If you are providing the ID ranges yourself, you can also configure the runAsUser and fsGroup values accordingly.
The Camunda Helm chart can be deployed to OpenShift with a few modifications, primarily revolving around your desired security context constraints.
Non-root SCCs
If you intend to deploy Camunda 8 while restricting applications from running as root (e.g., using the nonroot built-in SCCs), you'll need to configure each pod and container to run as a non-root user.

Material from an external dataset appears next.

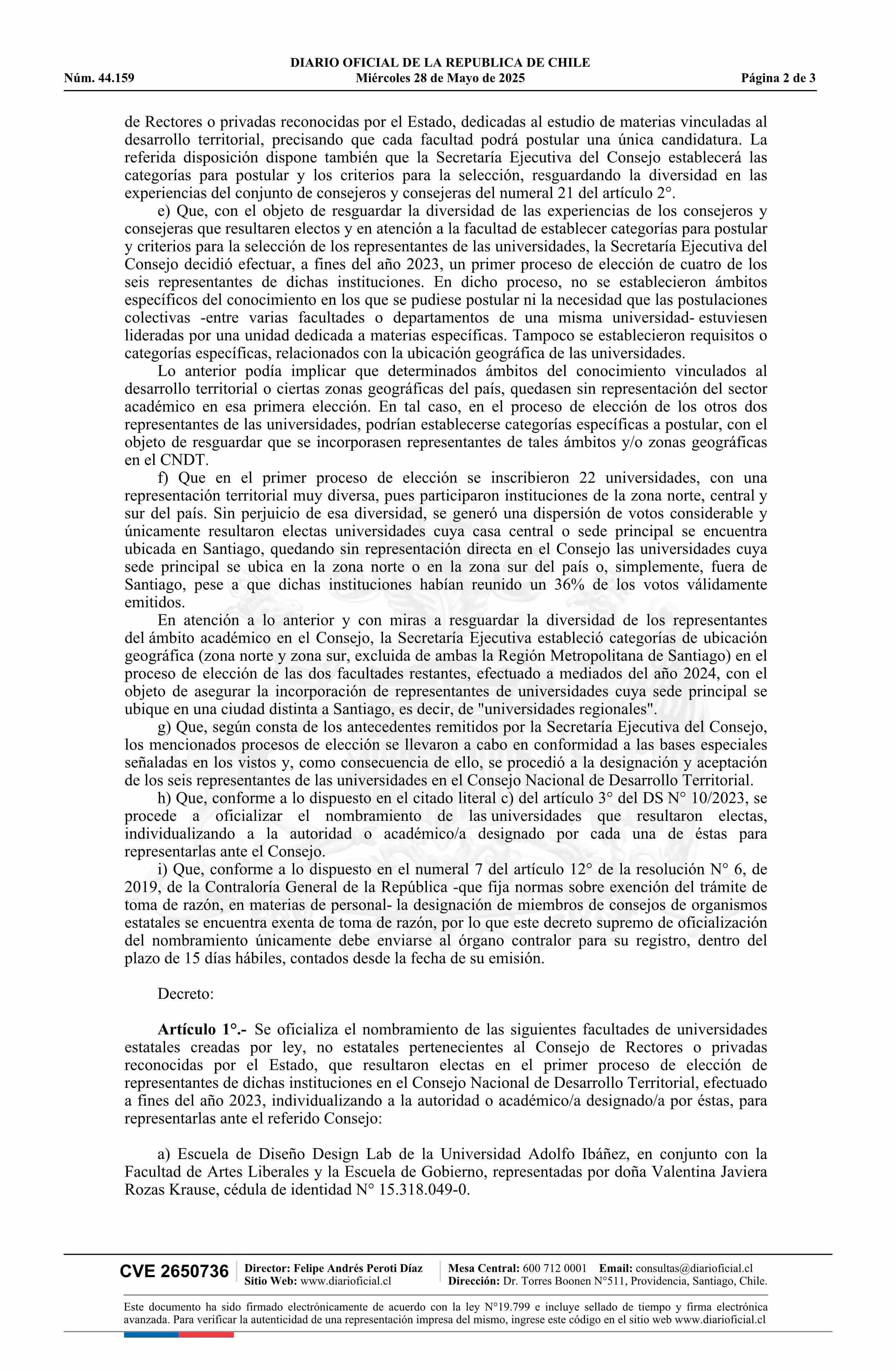 | Título: | Decreto exento número 81, de 2024.- Oficializa el nombramiento de seis representantes de universidades en el Consejo Nacional de Desarrollo Territorial |

For example, when deploying Zeebe using a stateful set, you would include the following YAML, replacing 1000 with the desired user ID:
spec:
template:
spec:
securityContext:
runAsUser: 1000
containers:
securityContext:
runAsUser: 1000
As the container user in OpenShift is always part of the root group, defining a fsGroup for any Camunda 8 application pod security context is unnecessary.
This configuration is necessary for all Camunda 8 applications, as well as related ones (e.g., Keycloak, PostgreSQL, etc.). It's particularly crucial for stateful applications that will write to persistent volumes, but it's also generally a good security practice.
Permissive SCCs
If you deploy Camunda 8 (and related infrastructure) with permissive SCCs out of the box, there's nothing specific for you to configure. Here, permissive SCCs refer to those where the strategy for RunAsUser is defined as RunAsAny (including root).
Writing pod permissions for logs
OpenShift security policies often restrict writing to files within containers. This can cause Camunda pods to fail to write to the filesystem, which is typically required for writing log in files.
Instead, we configure the environment to output logs to stdout and stderr only, which are supported by OpenShift logging infrastructure.
For Camunda components (except Identity), this can be done by setting the environment variable in the chart values:
zeebe/tasklist/operate/etc:
env:
- name: CAMUNDA_LOG_FILE_APPENDER_ENABLED
value: "false"
This will disable the file appender and ensure logs are visible via the container's log output.